At the invitation of the American ethnomusicologist Bruno Nettl, Boroumand traveled to Illinois, where he spent approximately one month introducing the Iranian dastgāh tradition. During his stay, he recorded portions of the Persian radif repertoire, recordings that are now preserved in the archives of the University of Illinois. In 2016, these recordings were made available in Iran to Mohsen Mohseni through Bruno Nettl from the University of Illinois archives.

Boroumand continued his training on the tar, setar, and santur, while furthering his study of the Persian radif under the guidance of Habib Samaei, Musa Ma'rufi, and Esma'il Ghahremani.

== Teaching career ==
In 1965, coinciding with the establishment of the music program at the Faculty of Fine Arts of the University of Tehran, Boroumand was invited by Mehdi Barkeshli to join the faculty as an instructor of the radif. He subsequently began teaching Iranian classical music in an academic setting. There, he taught the radif orally to students twice a week until his retirement in 1974.

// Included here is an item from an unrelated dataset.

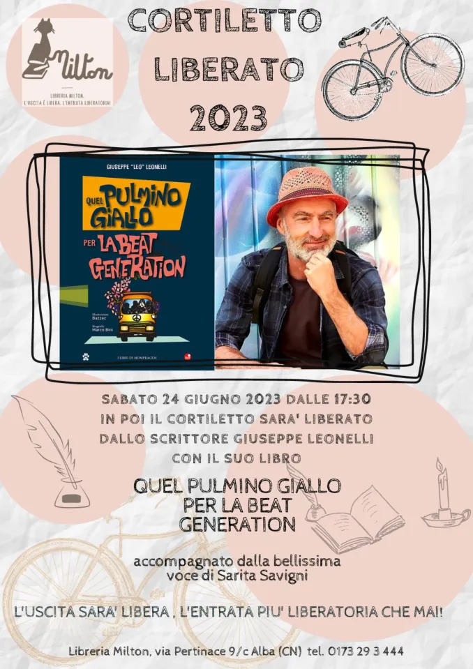 Sabato 24 giugno dalle 17 in libreria si terrà il secondo appuntamento con Il cortiletto liberato, che questa settimana ospiterà Quel pulmino giallo per la beat generation con il suo autore Giuseppe Leonelli e la voce e la canzoni di Sarita Savigni. Musica e parole per conlcudere in relax la settimana.

In the mid-1970s, following the establishment of the Center for the Preservation and Propagation of Iranian Music, he also began teaching at that institution. Several audio recordings of his classes have survived, including sessions in the Māhur mode featuring instruction given to Nour al-Din Razavi Servestani. In these recordings, Boroumand performs the complete radif repertoire on the setar and provides explanations regarding its performance and vocal interpretation.

== Students ==
Boroumand trained many of the leading musicians and vocalists of Iranian classical music, including Akbar Golpayegani (Golpa), Nasrollah Nassirpour, Mohammad-Reza Shajarian, Parisa, Parviz Meshkatian, Hossein Alizadeh, Foroud Garginpour, Mohammad-Reza Lotfi, Farrokh Mazhari, Dariush Tala'i, Majid Kiani, Jalal Zolfonun, Shahram Nazeri, Nasser Farhangfar, Masoud Shenasa, Razavi Servestani, Kamal Same'i, Ali-Akbar Shekarchi, and Mehdi Azarsina.

== Works and Legacy ==
Boroumand recorded the Radif of Mirza Abdollah, based on the version transmitted by Esma'il Ghahremani, on two separate occasions. His vocal radif repertoire was likewise based on the tradition transmitted by Seyyed Hossein Taherzadeh.

His performance style on the tar and setar was rooted in the school of Darvish Khan, while his santur playing reflected the older santur tradition associated with Habib Samā'i.

The book Radif-e Sāzi-ye Musiqi-ye Sonnati-ye Iran ("Instrumental Radif of Traditional Iranian Music"), containing the Radif of Mirza Abdollah as transmitted by Boroumand, was transcribed by Jean During and published in Persian translation by Pirouz Sayyar in 1991 by Soroush Publications.

== Death ==
Boroumand died on 20 January 1977 (30 Dey 1355) and was buried in the Zahir od-Dowleh Cemetery in Tehran.